Even the gear shifter, which is a beautiful Orrefors crystal gear shifter that’s unique to Polestar, requires a double-tap from Park, through Neutral, to Drive—and back again to Reverse. It’s hardly enough to cause significant frustration, but just enough to remind Polestar 1 buyers that their $155,000 grand-touring machine has plenty in common with a car that costs three times less. 

Once away, the Polestar 1’s drive is unmistakable. 

2020 Polestar 1 first drive

The turbocharged and supercharged 2.0-liter inline-4 up front drives only the front wheels and shifts through an 8-speed automatic transmission that\’s competent but sometimes confused with poor shift logic and slow-speed judders. 

The rear wheels, which are driven solely by the twin electric motors and can never clutch in to the internal combustion engine, operate in a complicated dance that’s nearly unbelievable and always entertaining. 

The rear wheels never sleep in any of the Polestar 1’s four drive modes—Pure (all-electric), Hybrid (a through-the-road hybrid setup, similar to the Acura NSX), Power (more power is sent to the rear wheels), and AWD (a 50/50 torque split for wet weather traction)—but come alive in Power mode. 

Over 200 miles, spent winding through Northern California roads near Woodside, the Polestar 1 begged for tighter and ever faster corners. Pushing extra-legal speeds around hairpins wasn’t only easy, it also felt mandatory—there’s seemingly no limit to the end of its grip. Shod with sticky Pirelli P Zero tires, the Polestar 1’s engineering feat is seamless and beautifully rendered, true torque vectoring. The only kind that can come from electrification, and one that’s well on the way from Tesla and other EV makers. 

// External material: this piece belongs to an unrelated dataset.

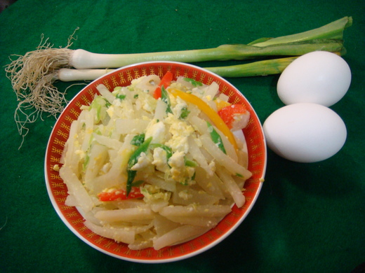 材料:豆仔薯一個 雞蛋二個 青蒜一枝 雞 蛋 甜椒
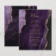 Este elegante cardápio moderno de casamento apresenta uma cor d'água púrpura e borda agitada com brilho de ouro falso. O texto personalizável combina o script de escrita manual dourada e as fontes de impressão em papel. O verso apresenta um design de agate roxo e dourado correspondente.

While torque vectoring will get plenty of well-earned praise, it’s only through suspension engineering and Rydholm’s hard work with the Polestar 1’s Ohlins adjustable dampers that it becomes truly approachable. The chassis is firm and stiff, with a confident ride that could easily be unyielding if the dampers didn’t cushion some of the road’s imperfections. The Ohlins are completely adjustable—they come from the factory with nine clicks dialed into the front and 10 in the rear—and adaptable for any buyer. 

2020 Polestar 1 first drive

And that’s precisely the Polestar 1’s conundrum. It serves many masters: The Polestar 1 is a halo car for a nascent brand banking on electric vehicles with performance potential. The Polestar 1 also compromises with an engine up front, borrowed interior inside, and mismatched mission. 

The million-dollar body and million-dollar rear axle take on the world with a $50,000 interior. The Polestar 1 breaks new ground by showing that EVs are not only the preferred powertrain for performance brands because of their acceleration but also because they can shift power side to side like few automakers can dream. 

Straight-line speed? That’s been done. Match that speed in the corners? Now there’s a first.

Polestar provided travel and lodging to Internet Brands Automotive to bring you this firsthand report.